Pehlivan
Pehlivanlık
olgusu, Türkler için önemli bir kültürel kimlik unsurudur.
“Pehlivan”
kelimesi Farsça bir kelime olup Burhan-ı
Katı'da; yürekli, cesur, zabit, vali, iri vücutlu ve doğru sözlü kimseye de
pehlivan denildiği yazılmaktadır.
Osmanlı'nın
ilk dönem edipleri pehlivan kelimesini Selçukluda olduğu gibi savaş
kahramanları için de kullanmıştır. Genel olarak Türklerde pehlivanlık; güç,
yüreklilik, mertlik, centilmenlik ve güçlü bir yapı gibi bir takım özelliklerin
genel adıdır ve bu yüzden pehlivanlara toplum tarafından değer verilmiştir.
Türklerde her isteyen pehlivan unvanını alamazdı. Bunun için rakiplerini
yenmesinin yanında, ustaların ve hakemlerin de oy birliği ile onay vermesi gerekmekteydi.
Kırkpınar'da yağlı güreşlere katılan tüm güreşçilere “Pehlivan” denir. Pehlivanlar, usta-çırak geleneği içinde yetişir. Kırkpınar Yağlı Güreşleri’nde boylarına göre dereceye giren pehlivanlara verilen ödüllerin yanı sıra en centilmen ve en iyi peşrev atan pehlivanlara da ödül verilmektedir.
Kırkpınar Yağlı Güreşleri’nde başpehlivan seçilen pehlivan “Türkiye Başpehlivanı” olur ve altın kemerin bir yıllık sahibi olur. Arka arkaya üç yıl “Başpehlivanlığı” kazanan pehlivan, altın kemerin ömür boyu sahibi olur.
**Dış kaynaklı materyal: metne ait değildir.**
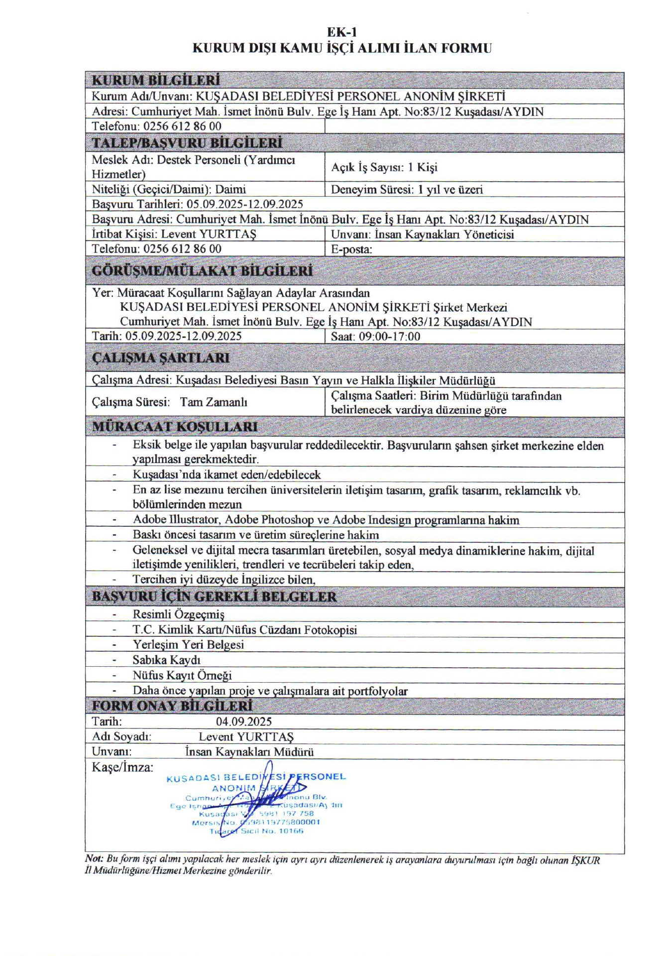 Aydın Kuşadası Belediyesi 1 İşçi Alacak. Son başvuru tarihi 12 eylül 2025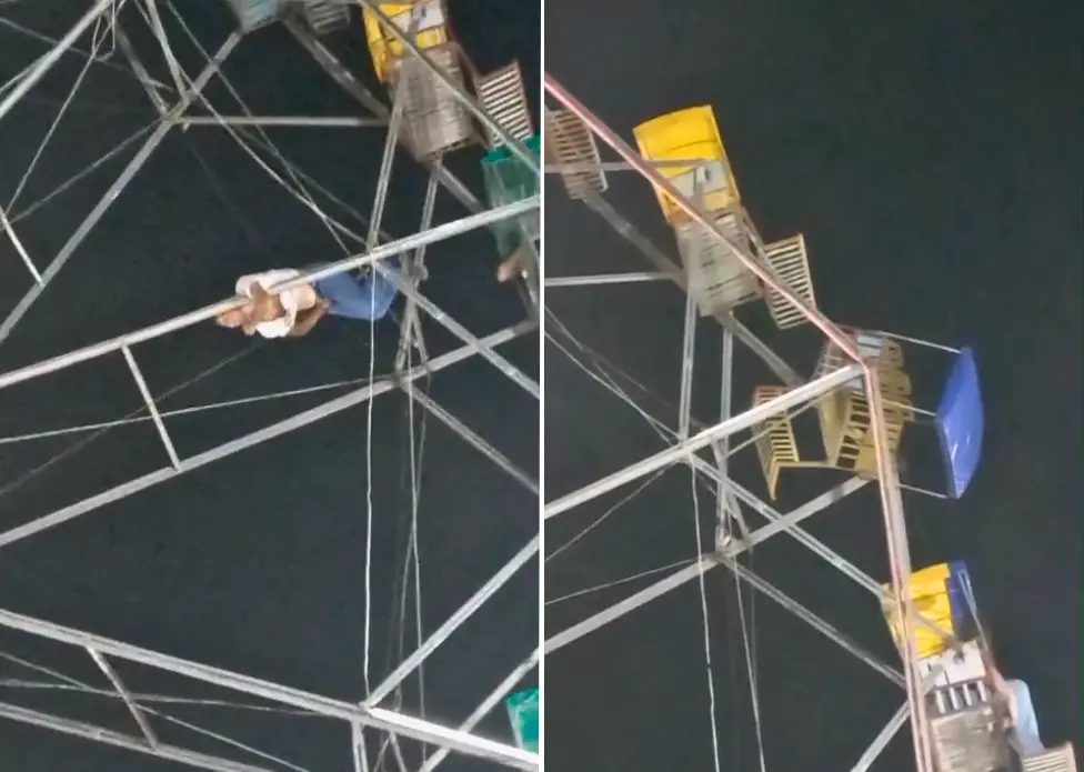 Vídeos gravados por pessoas que estavam no local mostram a vítima se segurando na estrutura metálica enquanto o público pedia para o brinquedo ser parado. A ação rápida dos funcionários e de populares garantiu que a mulher fosse retirada com segurança.

Kırkpınar Yağlı Güreşleri’nin Cumhuriyet öncesi başpehlivanlarını şöyle sıralayabiliriz:
Başta Kel Aliço olmak üzere Hamlacı Sarı Hüseyin, Hamlacı Yakup, Pomak Deli Murat, Pomak Osman, Suyolcu Mehmet Pehlivan, Koca Yusuf, Katrancı Aliço'nun çırağı Adalı Halil, Cihan Şampiyonu Kara Ahmet, Filiz Nurullah, Kurtdereli Mehmet Pehlivan, Bursalı Koca Rüstem, Makarnacı Hüseyin, Çolak Mümin Pehlivan, Yürük (Yörük) Ali Pehlivan, Hergeleci İbrahim, Çorumlu Zeynel, Karagöz Ali Pehlivan.
Cumhuriyet öncesi tespit edilebilen en uzun süreyle başpehlivan olan güreşçi, Kel Aliço'dur. 1863 yılından 1890 yılına kadar tam 27 yıl Kırkpınar Yağlı Güreşleri’nde Başpehlivan olmuştur.